Incident Report for Server Density

Postmortem

Server Density uses CloudFlare in front of all our web traffic to provide performance enhancements, a CDN and security functionality. Worldwide traffic is directed to the closest CloudFlare data centre which then proxies the traffic to our own infrastructure.

At 15:29 UTC a large Qatar based ISP misconfigured their BGP announcements resulting in a route leak. The Internet is built on BGP trust between networks (or AS numbers), so if an ISP incorrectly announces an IP address (or in this case a number of prefixes), upstream networks or peers can incorrectly route packets. This change propagated to large carriers such as NTT, TeliaSonera and Level 3 meaning the impact was much larger, and not isolated to Doha, Qatar.

BGPmon (used to assess routing health) notified CloudFlare of the route leak at 15:41 UTC and at 15:42 UTC the Doha POP was removed from production, and requests were sent via other locations. Network engineers reached out to inform the ISP of their misconfiguration and the changes were reverted at 16:04 UTC. Routing was back to normal at 16:08 UTC.

An external timeline and visualisation of this route leak is available at https://bgpstream.com/event/2424 which details the changes.

Between 15:29 UTC and 16:05 UTC, a subset of Server Density monitored devices may have been unable to send post backs to our global endpoints. According to our monitoring, this affected around 20% of customer devices.

Unfortunately, route leaks are notoriously difficult to mitigate due to the fundamental design of the Internet BGP architecture. Some systems we rely on are outside our control but it is still ultimately our responsibility to ensure the availability of our services. We will be evaluating how we can minimise the impact of similar incidents in the future.

In the more medium term, CloudFlare are evaluating IP renumbering for select prefixes, are providing more proactive training for their peers and long term working on reducing the impact caused by route leaks.

Posted Oct 12, 2015 - 14:02 BST

Resolved

Our provider has declared the incident resolved and we have confirmed normal values from our monitoring for the past 3 hours.

Posted Oct 05, 2015 - 20:30 BST

Monitoring

Our provider has reported a fix implemented and we're seeing normal values on our monitoring as well.

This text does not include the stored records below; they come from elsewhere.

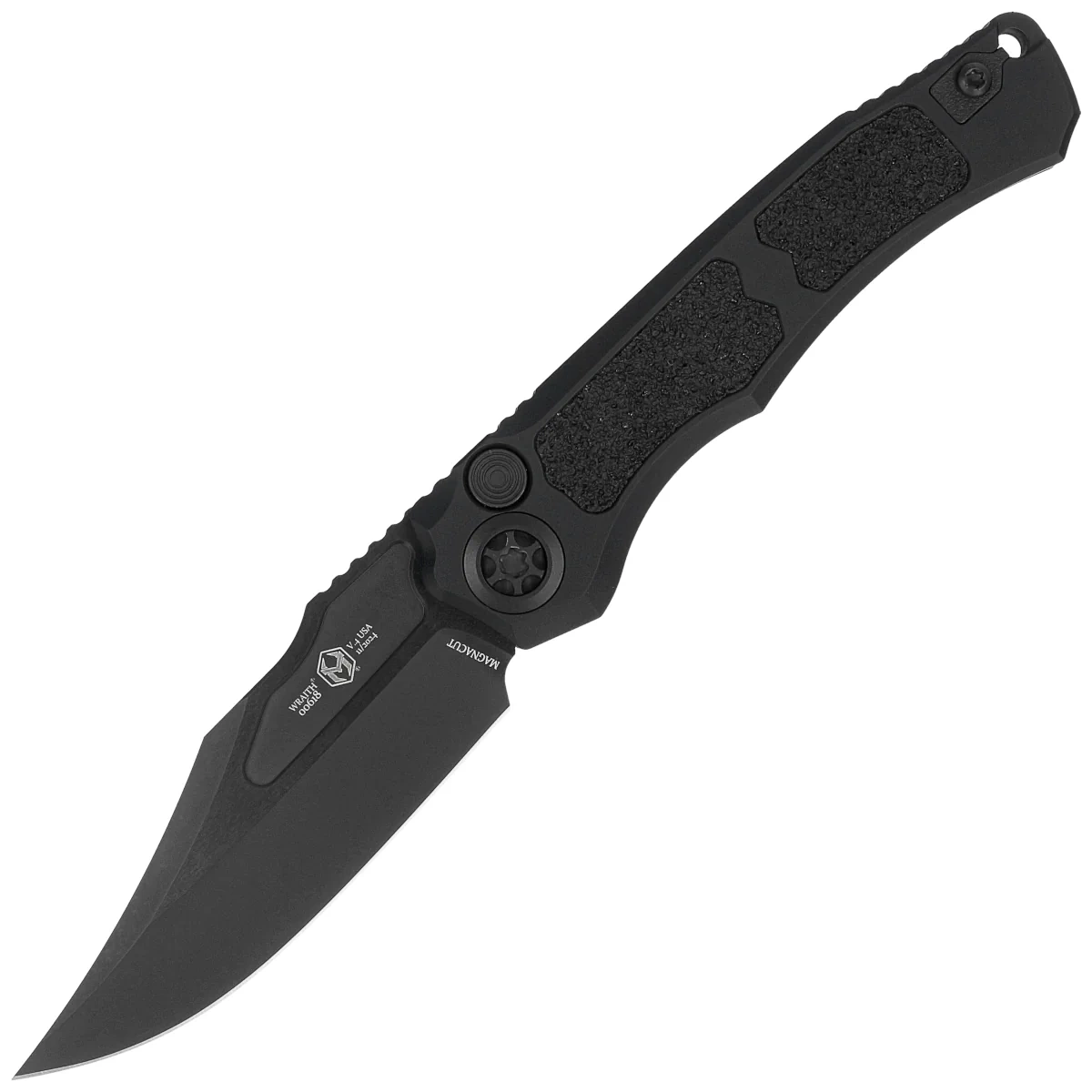 Wraith V4 Auto Tactical Black DLC Aluminium/3M, Black DLC to potężny nóż automatyczny typu switchblade z serii Wraith-A w wersji Tactical. Wykorzystuje działający z ogromną siłą i mocą, sprężynowy mechanizm rozkładający ostrze, wyróżniając go na tle innych noży. Wyposażony w ostrze ze stali MagnaCut pokryte matowym, czarnym wykończeniem DLC i aluminiową rękojeść z czarną wkładką trakcyjną, łączącą lepszą przyczepność z wyrafinowaną elegancją. Zaprojektowany z myślą o wydajności w pracy, łączy w sobie elegancję i funkcjonalność. Precyzja wykonania, jakość materiałów czynią go nie tylko praktycznym narzędziem, ale także dziełem sztuki użytkowej. Bez względu na to, czy jesteś kolekcjonerem noży, czy szukasz niezawodnego narzędzia do codziennego użytku, Wraith Auto to nóż, który z pewnością przekroczy Twoje oczekiwania, to wyjątkowe doświadczenie, które na nowo definiuje, czym może być nóż automatyczny.
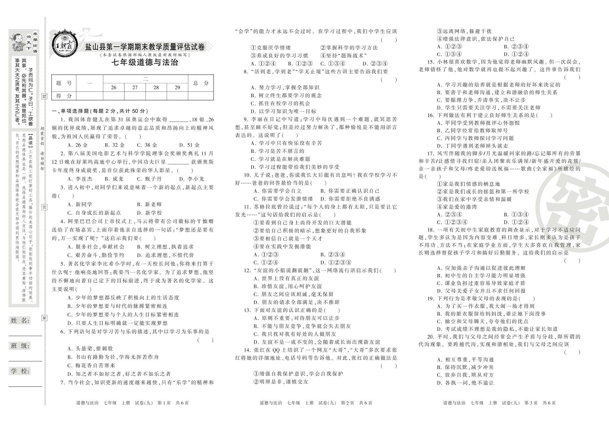 2016-2017学年第一学期沧州市盐山县七年级道德与法治试卷(人教版)【9】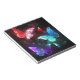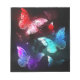 Three luminous, red, purple, green, textured, night butterflies on black luminous background.

We are now activating nodata alerts and will continue to monitor the situation together with our provider.
A little under of 20% of customer devices were affected by this situation - depending on the geographical location of the device.

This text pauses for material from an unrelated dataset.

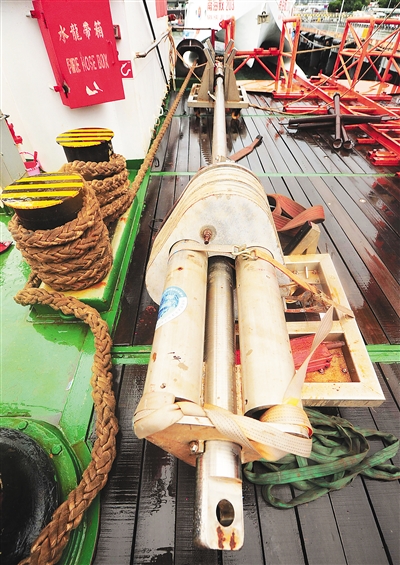 在“科学号”上,记者见到了给海底“量体温”的“体温计”,一根长7.5米、自重965千克的热流探针。据介绍,从“科学号”后甲板处由钢缆放入海底后,凭借额外增加的500千克配重,这支“体温计”可以竖直插入洋壳表层,也就是亿万年来形成的海底沉积层中。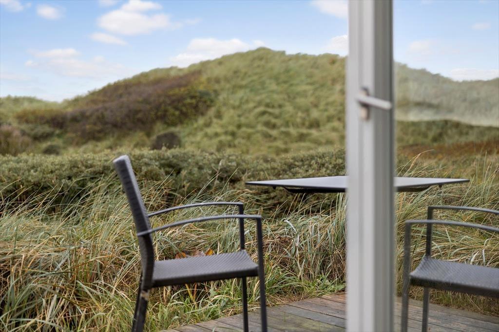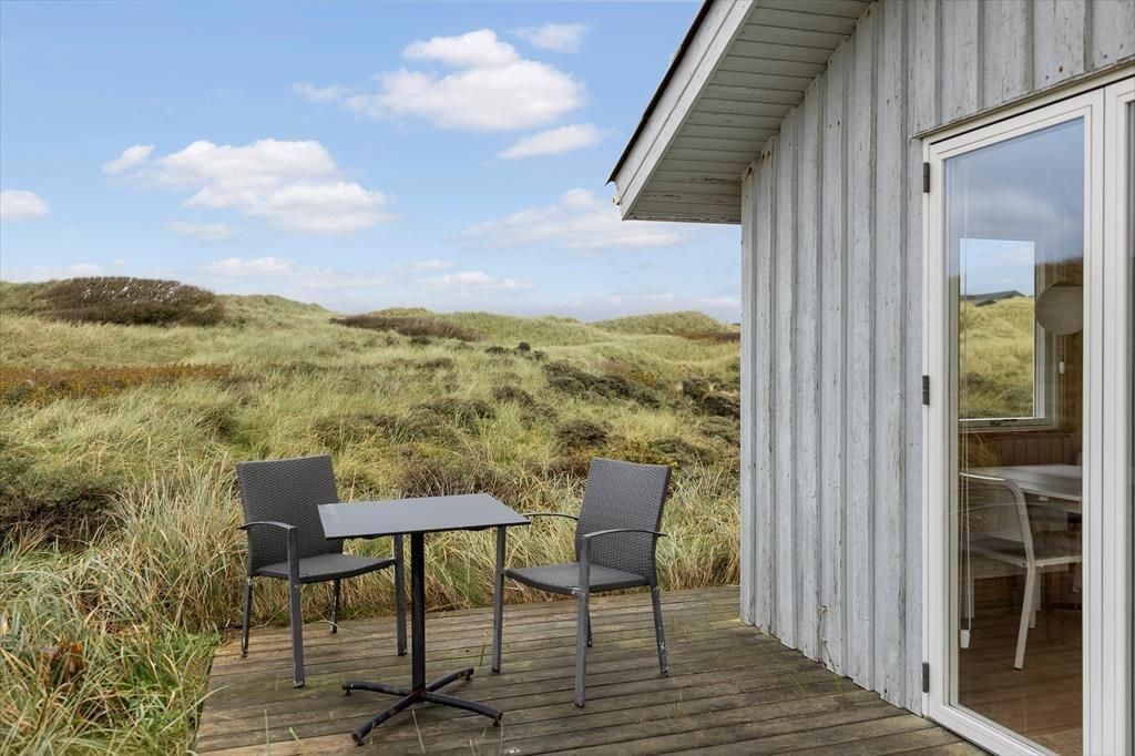 Det er skønt at hygge sig inden døre, men så snart solen skinner over Grønhøj, er det nu fristende at rykke driverlivet ud på terrassen. Den breder sig hele vejen rundt om huset, så I har flere opholdspladser at vælge imellem, inden I slår jer ned i havestolene. Overalt breder det marehalmsklædte landskab sig, og hvis I sætter jer mod vest, kommer I endda til at sidde i første parket, når solen sænker sig bag den yderste klitrække.

Posted Oct 05, 2015 - 17:40 BST

Identified

Our upstream provider has confirmed the route leak and are proceeding to resolve:
https://www.cloudflarestatus.com/incidents/3zcnm4rnl0vv
We have deactivated nodata alerts while this incident lasts to prevent false positives.

Posted Oct 05, 2015 - 17:17 BST

Investigating

We're currently seeing connectivity failures from our POPs in London, Sao Paolo, Johannesburg, Doha, Frankfurt, and Berlin caused by an upstream provider route leak. This may cause failed postbacks. We're currently investigating and will have more details shortly.

Posted Oct 05, 2015 - 16:57 BST